Task details - Exactly the lines from the start of the data below through the line containing "- Kiểu dáng: Lavabo" must be returned, and no others.

Records supplied -
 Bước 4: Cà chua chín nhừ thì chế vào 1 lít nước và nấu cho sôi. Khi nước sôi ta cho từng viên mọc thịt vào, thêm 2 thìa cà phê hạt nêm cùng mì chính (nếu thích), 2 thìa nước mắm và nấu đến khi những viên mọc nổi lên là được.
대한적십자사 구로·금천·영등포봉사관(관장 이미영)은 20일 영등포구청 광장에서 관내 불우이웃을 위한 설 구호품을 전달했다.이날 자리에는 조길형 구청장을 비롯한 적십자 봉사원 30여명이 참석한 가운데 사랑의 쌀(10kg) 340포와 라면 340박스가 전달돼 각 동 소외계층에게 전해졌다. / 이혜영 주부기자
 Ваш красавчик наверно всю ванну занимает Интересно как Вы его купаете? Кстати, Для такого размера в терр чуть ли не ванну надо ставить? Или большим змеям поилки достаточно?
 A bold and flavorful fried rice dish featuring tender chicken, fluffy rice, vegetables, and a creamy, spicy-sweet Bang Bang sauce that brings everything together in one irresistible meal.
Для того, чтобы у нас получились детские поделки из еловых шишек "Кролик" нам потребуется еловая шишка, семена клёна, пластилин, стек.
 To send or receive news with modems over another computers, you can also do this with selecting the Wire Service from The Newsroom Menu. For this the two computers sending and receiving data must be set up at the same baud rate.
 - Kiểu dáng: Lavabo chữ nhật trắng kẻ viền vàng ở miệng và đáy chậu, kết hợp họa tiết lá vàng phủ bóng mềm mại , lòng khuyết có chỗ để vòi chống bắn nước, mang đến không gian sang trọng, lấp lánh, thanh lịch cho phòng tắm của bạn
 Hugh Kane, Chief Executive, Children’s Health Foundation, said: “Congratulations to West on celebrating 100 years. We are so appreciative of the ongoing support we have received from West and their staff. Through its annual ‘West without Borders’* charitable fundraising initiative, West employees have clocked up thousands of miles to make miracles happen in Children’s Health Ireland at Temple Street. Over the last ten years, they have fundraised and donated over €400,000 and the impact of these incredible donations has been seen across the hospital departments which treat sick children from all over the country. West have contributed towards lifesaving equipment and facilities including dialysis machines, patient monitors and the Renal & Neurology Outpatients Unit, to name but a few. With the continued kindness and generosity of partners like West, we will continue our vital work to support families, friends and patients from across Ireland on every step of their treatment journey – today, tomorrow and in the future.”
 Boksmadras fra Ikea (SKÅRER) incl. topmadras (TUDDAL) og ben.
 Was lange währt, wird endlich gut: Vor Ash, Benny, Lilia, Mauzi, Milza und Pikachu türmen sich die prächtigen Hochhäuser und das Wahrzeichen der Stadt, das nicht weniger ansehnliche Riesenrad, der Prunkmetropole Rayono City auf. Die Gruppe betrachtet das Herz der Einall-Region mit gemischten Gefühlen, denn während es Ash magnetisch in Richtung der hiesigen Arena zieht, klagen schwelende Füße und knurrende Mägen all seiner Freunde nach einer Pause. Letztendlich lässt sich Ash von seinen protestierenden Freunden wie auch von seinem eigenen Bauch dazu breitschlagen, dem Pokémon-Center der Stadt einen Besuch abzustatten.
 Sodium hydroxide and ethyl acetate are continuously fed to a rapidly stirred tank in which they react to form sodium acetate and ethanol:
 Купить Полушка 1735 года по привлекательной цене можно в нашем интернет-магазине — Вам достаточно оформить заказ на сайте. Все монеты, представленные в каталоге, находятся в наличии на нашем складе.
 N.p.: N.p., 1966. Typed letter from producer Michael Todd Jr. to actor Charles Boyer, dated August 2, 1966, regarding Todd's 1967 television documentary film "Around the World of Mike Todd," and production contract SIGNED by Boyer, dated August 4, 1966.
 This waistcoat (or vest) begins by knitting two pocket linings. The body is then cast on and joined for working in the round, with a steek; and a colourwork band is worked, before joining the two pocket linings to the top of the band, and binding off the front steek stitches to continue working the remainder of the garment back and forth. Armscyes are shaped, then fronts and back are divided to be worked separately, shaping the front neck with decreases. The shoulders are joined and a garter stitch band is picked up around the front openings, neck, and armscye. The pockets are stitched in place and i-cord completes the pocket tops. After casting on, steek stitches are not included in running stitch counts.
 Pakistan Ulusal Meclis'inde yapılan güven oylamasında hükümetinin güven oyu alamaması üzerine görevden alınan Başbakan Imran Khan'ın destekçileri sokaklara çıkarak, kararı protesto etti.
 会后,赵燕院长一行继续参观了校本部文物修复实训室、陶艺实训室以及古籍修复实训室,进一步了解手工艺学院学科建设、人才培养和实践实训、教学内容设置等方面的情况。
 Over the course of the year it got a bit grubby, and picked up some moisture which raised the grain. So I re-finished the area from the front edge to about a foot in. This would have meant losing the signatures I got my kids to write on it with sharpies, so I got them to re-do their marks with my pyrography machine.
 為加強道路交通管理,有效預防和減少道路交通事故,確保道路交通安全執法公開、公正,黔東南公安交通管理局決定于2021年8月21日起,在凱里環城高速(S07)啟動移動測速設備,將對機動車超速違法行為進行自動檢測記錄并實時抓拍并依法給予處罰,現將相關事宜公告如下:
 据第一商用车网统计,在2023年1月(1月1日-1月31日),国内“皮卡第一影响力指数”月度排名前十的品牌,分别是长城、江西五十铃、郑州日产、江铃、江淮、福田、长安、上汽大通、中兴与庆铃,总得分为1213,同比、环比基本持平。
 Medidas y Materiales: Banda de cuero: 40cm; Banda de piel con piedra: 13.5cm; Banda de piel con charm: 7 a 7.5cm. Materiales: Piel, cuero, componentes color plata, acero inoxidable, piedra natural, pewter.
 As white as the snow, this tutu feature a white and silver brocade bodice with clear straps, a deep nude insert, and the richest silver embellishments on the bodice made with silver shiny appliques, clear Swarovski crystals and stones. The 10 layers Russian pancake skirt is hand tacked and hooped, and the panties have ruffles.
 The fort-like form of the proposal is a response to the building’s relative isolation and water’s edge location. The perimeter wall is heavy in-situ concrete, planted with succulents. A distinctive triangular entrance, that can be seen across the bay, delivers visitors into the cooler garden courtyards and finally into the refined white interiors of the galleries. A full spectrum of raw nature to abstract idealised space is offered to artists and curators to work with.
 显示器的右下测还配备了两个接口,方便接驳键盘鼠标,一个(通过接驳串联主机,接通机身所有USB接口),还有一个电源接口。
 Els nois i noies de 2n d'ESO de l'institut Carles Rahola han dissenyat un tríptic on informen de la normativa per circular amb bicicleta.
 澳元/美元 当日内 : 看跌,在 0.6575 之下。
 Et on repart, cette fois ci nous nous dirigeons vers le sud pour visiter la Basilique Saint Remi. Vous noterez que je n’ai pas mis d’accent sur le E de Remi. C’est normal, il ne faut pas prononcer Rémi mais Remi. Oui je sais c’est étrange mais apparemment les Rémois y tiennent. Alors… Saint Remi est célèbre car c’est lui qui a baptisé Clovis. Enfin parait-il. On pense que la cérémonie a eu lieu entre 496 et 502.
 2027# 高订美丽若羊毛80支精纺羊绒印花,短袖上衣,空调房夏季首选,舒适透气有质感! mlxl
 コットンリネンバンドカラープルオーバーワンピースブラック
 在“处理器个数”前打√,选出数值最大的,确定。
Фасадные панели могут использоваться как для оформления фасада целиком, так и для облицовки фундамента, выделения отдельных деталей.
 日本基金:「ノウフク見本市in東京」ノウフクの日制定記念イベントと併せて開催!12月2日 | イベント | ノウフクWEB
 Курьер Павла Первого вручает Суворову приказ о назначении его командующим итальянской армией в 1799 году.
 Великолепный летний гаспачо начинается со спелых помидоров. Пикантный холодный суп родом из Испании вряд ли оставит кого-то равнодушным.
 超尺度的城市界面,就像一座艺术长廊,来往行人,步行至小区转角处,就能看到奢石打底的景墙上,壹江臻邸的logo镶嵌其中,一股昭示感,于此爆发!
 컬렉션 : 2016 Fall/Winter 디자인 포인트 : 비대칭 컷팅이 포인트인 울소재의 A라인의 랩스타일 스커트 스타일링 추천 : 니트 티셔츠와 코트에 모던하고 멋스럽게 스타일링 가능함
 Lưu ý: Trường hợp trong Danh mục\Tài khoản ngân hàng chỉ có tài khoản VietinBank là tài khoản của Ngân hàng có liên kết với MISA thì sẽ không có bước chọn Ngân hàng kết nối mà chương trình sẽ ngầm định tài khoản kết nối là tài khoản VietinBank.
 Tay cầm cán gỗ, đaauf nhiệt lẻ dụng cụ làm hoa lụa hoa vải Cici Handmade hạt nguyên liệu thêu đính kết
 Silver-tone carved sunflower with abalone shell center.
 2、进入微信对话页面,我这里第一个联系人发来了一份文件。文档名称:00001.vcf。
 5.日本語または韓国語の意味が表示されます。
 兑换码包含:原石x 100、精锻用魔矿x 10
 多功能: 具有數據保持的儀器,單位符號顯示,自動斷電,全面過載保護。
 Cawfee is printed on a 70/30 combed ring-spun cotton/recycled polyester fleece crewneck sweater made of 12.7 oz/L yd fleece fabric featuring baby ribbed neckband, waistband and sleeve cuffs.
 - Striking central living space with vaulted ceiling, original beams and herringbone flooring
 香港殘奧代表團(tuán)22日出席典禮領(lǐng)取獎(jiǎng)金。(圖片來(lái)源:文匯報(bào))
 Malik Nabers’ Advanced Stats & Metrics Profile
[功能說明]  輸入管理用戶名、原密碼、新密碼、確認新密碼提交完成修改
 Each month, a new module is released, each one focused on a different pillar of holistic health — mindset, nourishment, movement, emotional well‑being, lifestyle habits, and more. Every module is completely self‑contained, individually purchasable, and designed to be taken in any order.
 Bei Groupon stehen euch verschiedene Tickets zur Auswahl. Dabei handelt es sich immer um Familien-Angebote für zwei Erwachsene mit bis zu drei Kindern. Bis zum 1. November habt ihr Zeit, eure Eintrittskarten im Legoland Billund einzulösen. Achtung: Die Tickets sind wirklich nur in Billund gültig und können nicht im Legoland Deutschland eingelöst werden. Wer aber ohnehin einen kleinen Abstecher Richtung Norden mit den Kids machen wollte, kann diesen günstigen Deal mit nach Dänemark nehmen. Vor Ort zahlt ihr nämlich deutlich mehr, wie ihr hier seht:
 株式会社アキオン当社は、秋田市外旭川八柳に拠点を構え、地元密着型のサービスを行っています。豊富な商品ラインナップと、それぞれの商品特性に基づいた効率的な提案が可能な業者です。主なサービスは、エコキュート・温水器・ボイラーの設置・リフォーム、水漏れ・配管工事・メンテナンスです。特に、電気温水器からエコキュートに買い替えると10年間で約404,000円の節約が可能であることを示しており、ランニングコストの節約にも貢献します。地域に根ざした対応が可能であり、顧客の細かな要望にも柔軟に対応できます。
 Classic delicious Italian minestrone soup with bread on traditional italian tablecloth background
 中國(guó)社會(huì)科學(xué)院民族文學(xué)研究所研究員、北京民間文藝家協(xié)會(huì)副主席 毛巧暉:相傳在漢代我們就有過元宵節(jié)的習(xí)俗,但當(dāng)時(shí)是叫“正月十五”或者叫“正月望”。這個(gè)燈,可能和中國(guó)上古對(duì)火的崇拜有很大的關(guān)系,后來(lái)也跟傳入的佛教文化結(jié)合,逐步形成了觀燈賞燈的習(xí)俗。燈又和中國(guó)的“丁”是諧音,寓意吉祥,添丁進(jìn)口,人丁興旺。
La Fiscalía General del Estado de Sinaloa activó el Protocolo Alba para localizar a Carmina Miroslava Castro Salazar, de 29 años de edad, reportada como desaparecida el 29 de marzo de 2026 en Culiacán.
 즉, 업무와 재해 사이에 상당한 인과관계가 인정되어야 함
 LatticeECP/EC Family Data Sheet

Problem solution -
 Bước 4: Cà chua chín nhừ thì chế vào 1 lít nước và nấu cho sôi. Khi nước sôi ta cho từng viên mọc thịt vào, thêm 2 thìa cà phê hạt nêm cùng mì chính (nếu thích), 2 thìa nước mắm và nấu đến khi những viên mọc nổi lên là được.
대한적십자사 구로·금천·영등포봉사관(관장 이미영)은 20일 영등포구청 광장에서 관내 불우이웃을 위한 설 구호품을 전달했다.이날 자리에는 조길형 구청장을 비롯한 적십자 봉사원 30여명이 참석한 가운데 사랑의 쌀(10kg) 340포와 라면 340박스가 전달돼 각 동 소외계층에게 전해졌다. / 이혜영 주부기자
 Ваш красавчик наверно всю ванну занимает Интересно как Вы его купаете? Кстати, Для такого размера в терр чуть ли не ванну надо ставить? Или большим змеям поилки достаточно?
 A bold and flavorful fried rice dish featuring tender chicken, fluffy rice, vegetables, and a creamy, spicy-sweet Bang Bang sauce that brings everything together in one irresistible meal.
Для того, чтобы у нас получились детские поделки из еловых шишек "Кролик" нам потребуется еловая шишка, семена клёна, пластилин, стек.
 To send or receive news with modems over another computers, you can also do this with selecting the Wire Service from The Newsroom Menu. For this the two computers sending and receiving data must be set up at the same baud rate.
 - Kiểu dáng: Lavabo chữ nhật trắng kẻ viền vàng ở miệng và đáy chậu, kết hợp họa tiết lá vàng phủ bóng mềm mại , lòng khuyết có chỗ để vòi chống bắn nước, mang đến không gian sang trọng, lấp lánh, thanh lịch cho phòng tắm của bạn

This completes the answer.